Three Reasons We Need To Rebel Against Ourselves To Have Better Relationships & Power

After reflecting on a few weeks of disappointments, I realised I was still disempowering myself, something I thought I had stopped years ago! How? I was Fawning, part of the F’s: Fight - Flight - Freeze - Fawn, so it's not all my fault! Here’s how I realised and what to do about it, and it starts with an internal rebellion!

Time to Rebel

What part of your old conditioning is holding you back?
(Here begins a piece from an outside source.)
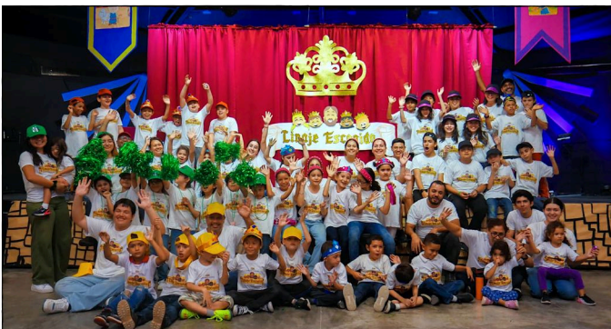
This year's camp attendees and their group leaders. Each group has distinctive hats, pompoms or scarves.

The Kid's Camp is always a great time. This year's theme was "Chosen Generation". The future belongs

Imagine you’ve pulled out all the stops to create an excellent piece of work, your passion and perseverance, i.e. grit to get it done, as a business start-up. You're pushing against the grain, and you did it. Your feeling – pretty damn good, and then…
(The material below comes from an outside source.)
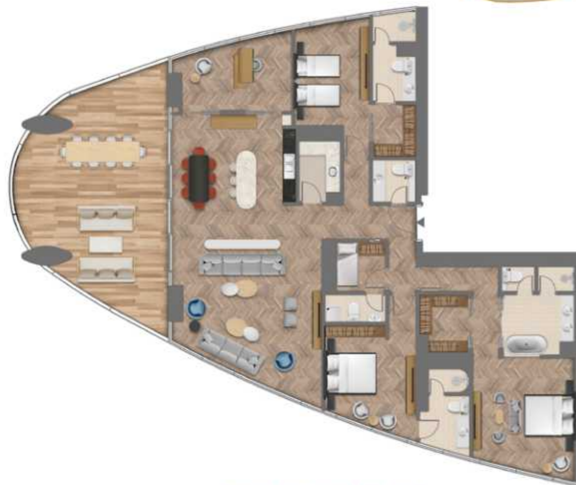
3 BEDROOM APARTMENT, TYPE A
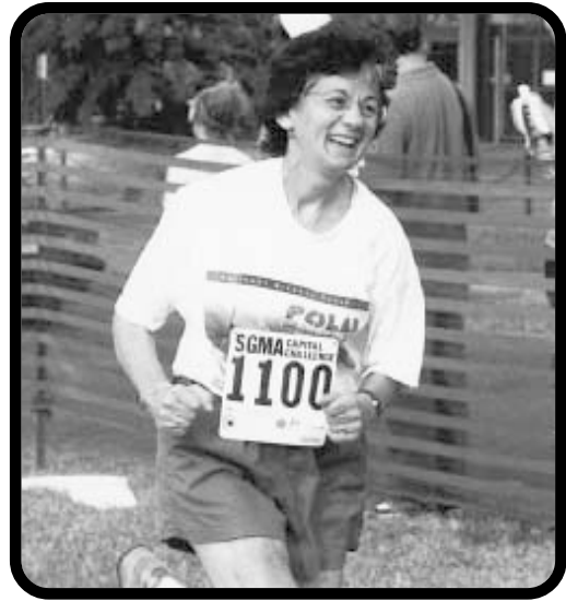
Rita Colwell, National Science Foundation Director and 1 st Independent Agency Head (Female)

It gets cancelled. Sucker punch! But then, to the other person, you say: “Oh, that’s ok!" and you suck it up! Well. Who’s the sucker!

Are you with me? Have you been there? Maybe for you, it was a client chat or a meeting that you thought would go better, but you came off worse. Or a one-sided relationship, and you haven’t said what you really think, trying to please or appease them, and so you say what they wanted to hear rather than your truth?

Why? Because we fawned!

It might not be our fault (initially) because fawning is like one of the three 3 FFF responses: Fight – Flight – Freeze. It’s an automatic reaction when we’re not conscious of it.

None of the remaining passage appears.